INNATE-MI

Project's code: PN-III-P4-ID-PCCF-2016-0172

Project's title:Targeting innate immune mechanisms to improve risk stratification and to identify future therapeutic options in myocardial infarction

Contract number: 05/18.07.2018

Coordinator: Acad.Maya Simionescu

Research Partners:

CO: Institute of Cellular Biology and Pathology "Nicolae Simionescu", BUCHAREST

P1: University of Medicine, Pharmacy, Science and Technology, TARGU MURES

P2: University of Medicine and Pharmacy "Carol Davila" BUCHAREST

Budget: 8.500.000 Lei

Period: 18.07.2018 – 31.06.2022

 

Project Summary: 

Myocardial infarction (MI) is a major cause of morbidity and mortality. At present, clinicians lack specific biomarkers for accurate post-MI risk stratification and therapeutic tools to modulate myocardial inflammation and to promote efficient recovery. Innate immune processes mediated by polymorphonuclear neutrophils (PMN) and macrophages (MAC) in the immediate post-MI period determine the extent of myocardial damage but also induce repair. Our major goal is to identify central molecules that mediate the crosstalk between sub-populations of PMN and MAC, and determine their involvement in MI. Additionally, we will test the ability of specific therapies to regulate myocardial inflammation and to improve cardiac function in-vivo. Project objectives are: (1) To identify key mediators that determine post-MI myocardial remodeling and prognosis – We will investigate the relationships between the soluble PMN/MAC mediators, post-MI cardiac function and prognosis in MI patients; (2) Investigation of the crosstalk between PMN and MAC in MI – We will use in-vitro studies, genomics and proteomics to identify mediators that govern the PMN-induced MAC polarization into sub-populations that promote repair.
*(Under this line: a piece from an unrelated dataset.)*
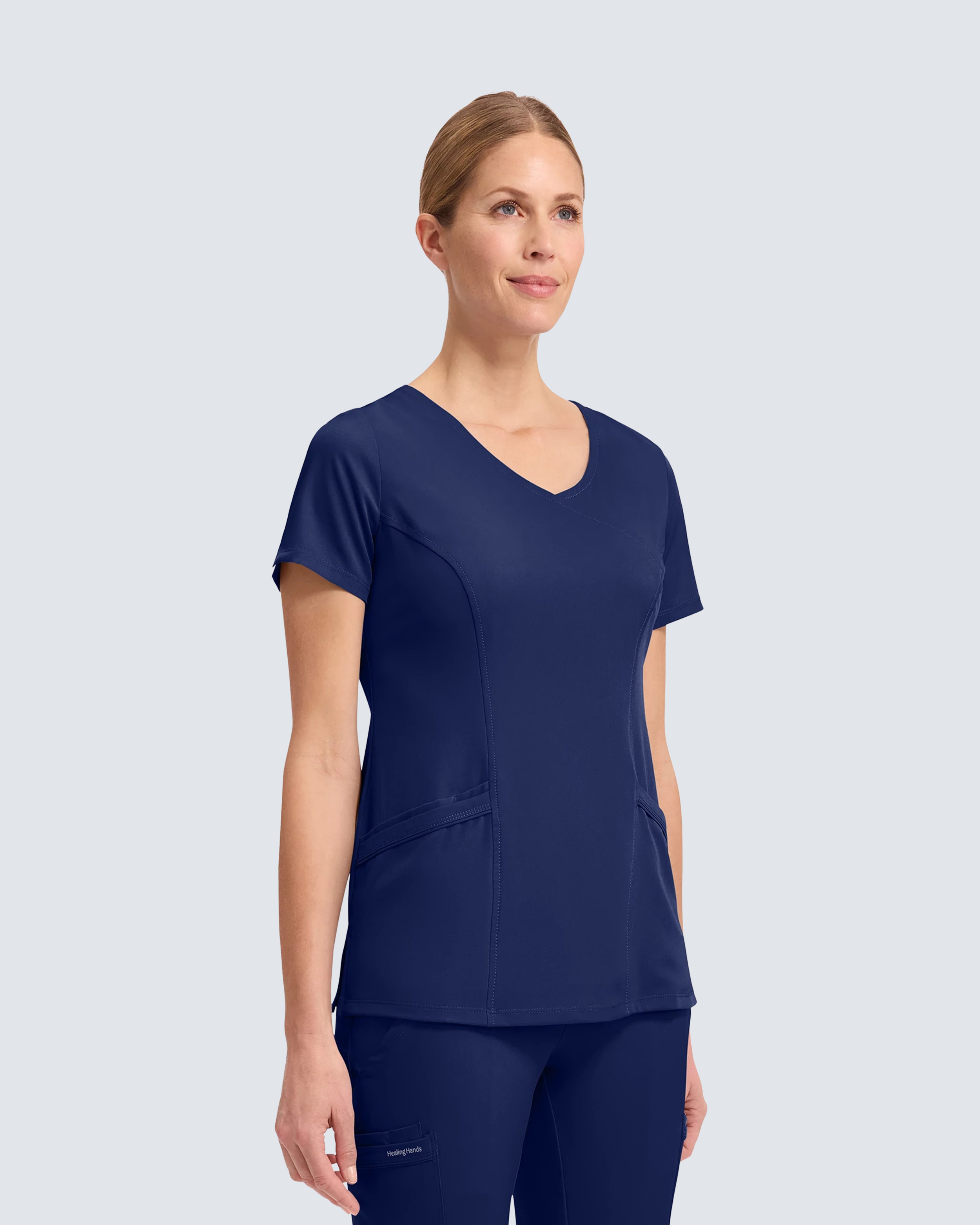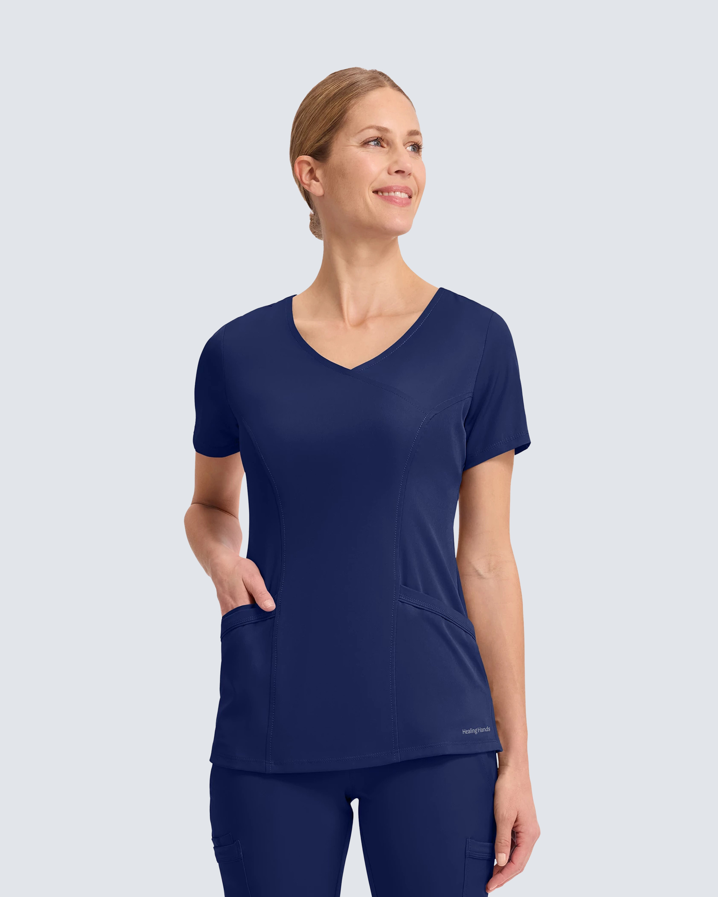 Das Madison-Top von Healing Hands wurde entwickelt, um den ganzen Arbeitstag über ein bequemes und professionelles Gefühl zu vermitteln. Das Modell hat ein modernes Wickel-Design (Mock-Wrap) und ist vorne und hinten mit Prinzessnähten versehen, was eine klare und figurnahe Passform schafft. Das Material besteht aus 91% Polyester und 9% Spandex, wodurch das Top anschmiegsam ist und Ihnen die Bewegungsfreiheit gibt, die Sie in einem aktiven Beruf benötigen.

The role of the identified molecules will be tested in-vivo; (3) Development of a mesenchymal stem cell (MSC)-based therapy in MI – We will investigate the ability of MSC treatment to shift PMN and MAC polarization towards reparatory phenotypes, and to improve cardiac recovery; (4) To investigate S100A8/A9 blockade as potential therapy in MI – S100A8/A9 is a potent pro-inflammatory molecule secreted by PMN and MAC. We will assess whether S100A8/A9 blockade inhibits inflammation and improves post-MI cardiac function. The expected outcome is to identify biomarkers that can be used to accurately identify patients at high risk to suffer new events. MSC therapy or S100A8/A9 blockade might improve recovery of MI patients and reduce morbidity and mortality in this large patient group. 

Our laboratoy is involved in objective 3: Exploiting the immuno-modulatory properties of MSC to reduce inflammation and promote myocardial recovery post-MI (cell therapy)

Dissemination of results

Publications:

1. Preda MB et al. Evidence of mesenchymal stromal cell adaptation to local microenvironment following subcutaneous transplantation. J Cell Mol Med 2020; 24(18):10889-10897. (IF. 5.310)
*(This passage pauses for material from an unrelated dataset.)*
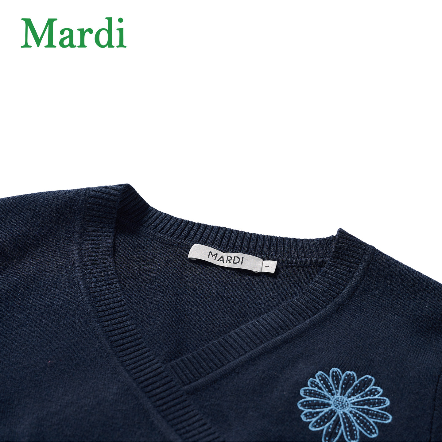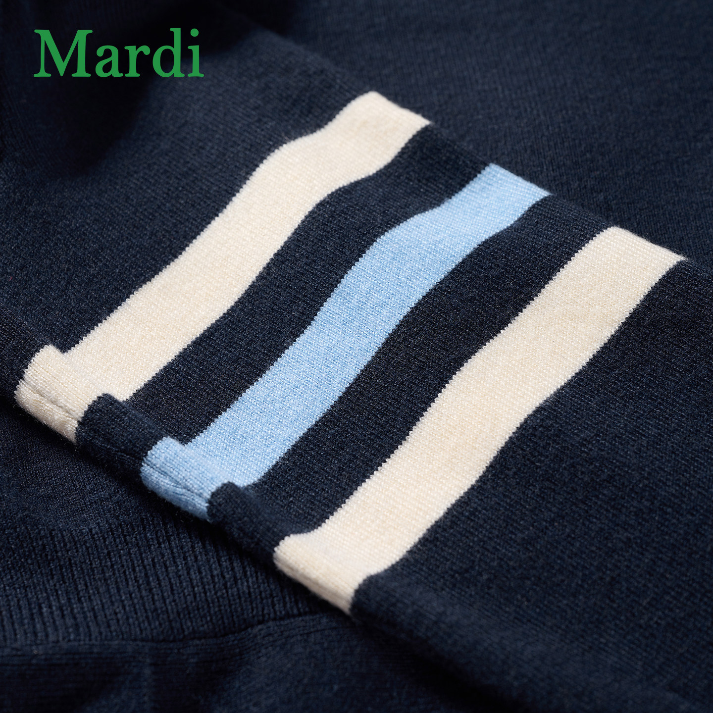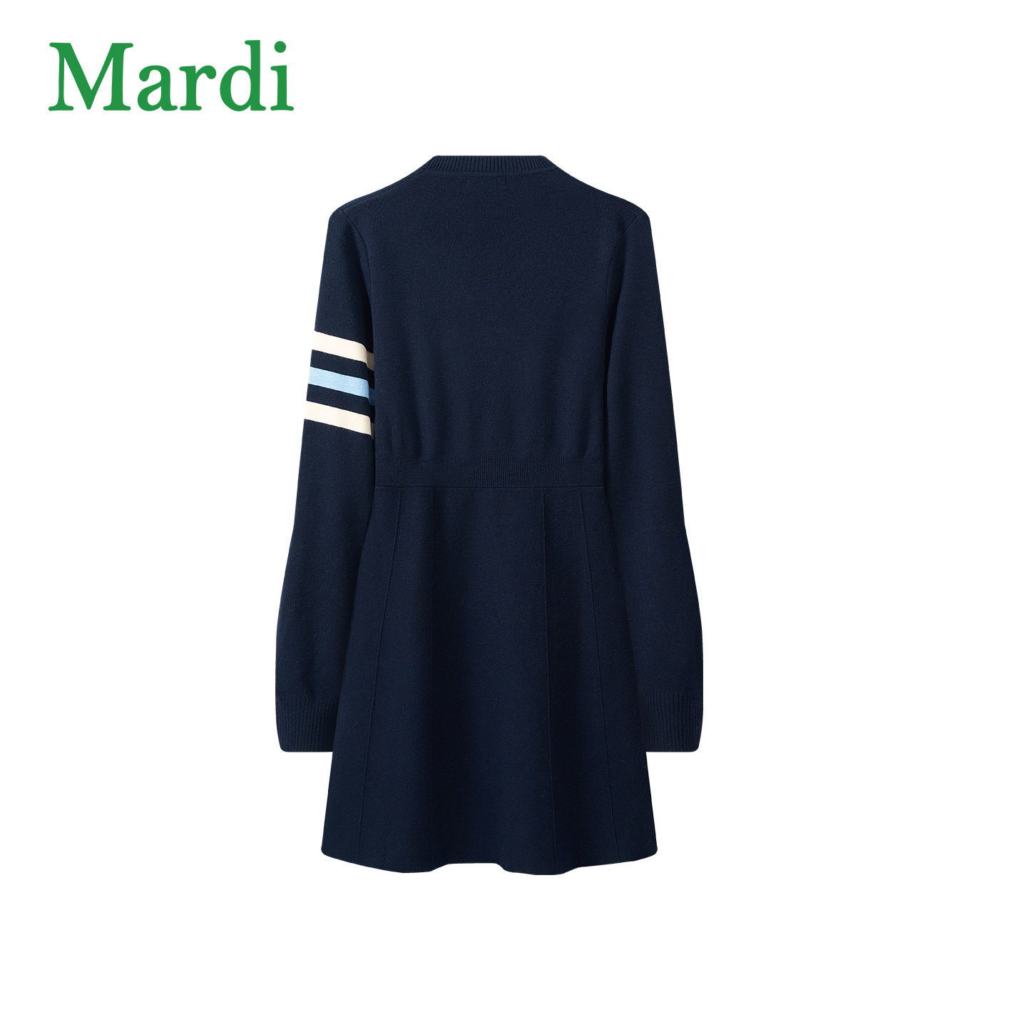 MARDI学院风针织连衣裙女撞色条纹收腰A字裙藤蓝色休闲长袖中长款

2. Popescu et al. Dual Stem Cell Therapy Improves the Myocardial Recovery Post-Infarction through Reciprocal Modulation of Cell Functions. Int J Mol Sci. 2021 May 26;22(11):5631. (IF. 5.923)
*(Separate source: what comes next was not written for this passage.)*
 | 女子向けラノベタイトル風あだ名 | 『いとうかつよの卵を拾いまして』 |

Presentations at international scientific conferences:

1. M.B. Preda, S. Popescu, R. Tutuianu, A.M. Rosca, M. Simionescu, A. Burlacu. Hypoxia regulates the pro-angiogenic effect of subcutaneously transplanted mesenchymal stromal cells. Keystone Symposia meeting on Therapeutic Targeting of Hypoxia-Sensitive Pathways. 10-14.04.2018. University of Oxford Mathematical Institute, Oxford, UK (poster).

2. S Popescu, A.M. Lupan, M.B. Preda, A. Burlacu, M. Simionescu. Cross-talk between mesenchymal stromal cells and endothelial progenitors modulates the expression of angiogenesis related molecules. 06-09.07.2018. The 36th Annual Scientific Session of the Romanian Society for Cell Biology and the 10th National Congress with International participation, Craiova, Romania. (oral presentation).

3. M.B. Preda, S. Popescu, R. Tutuianu, A.M. Rosca, M. Simionescu, A. Burlacu. Hypoxia regulates the pro-angiogenic effect of subcutaneously transplanted mesenchymal stromal cells. EMBO Conference: The Molecular and Cellular Basis of Regeneration and Tissue Repair. 15-19 September 2018. Valetta, Malta (poster).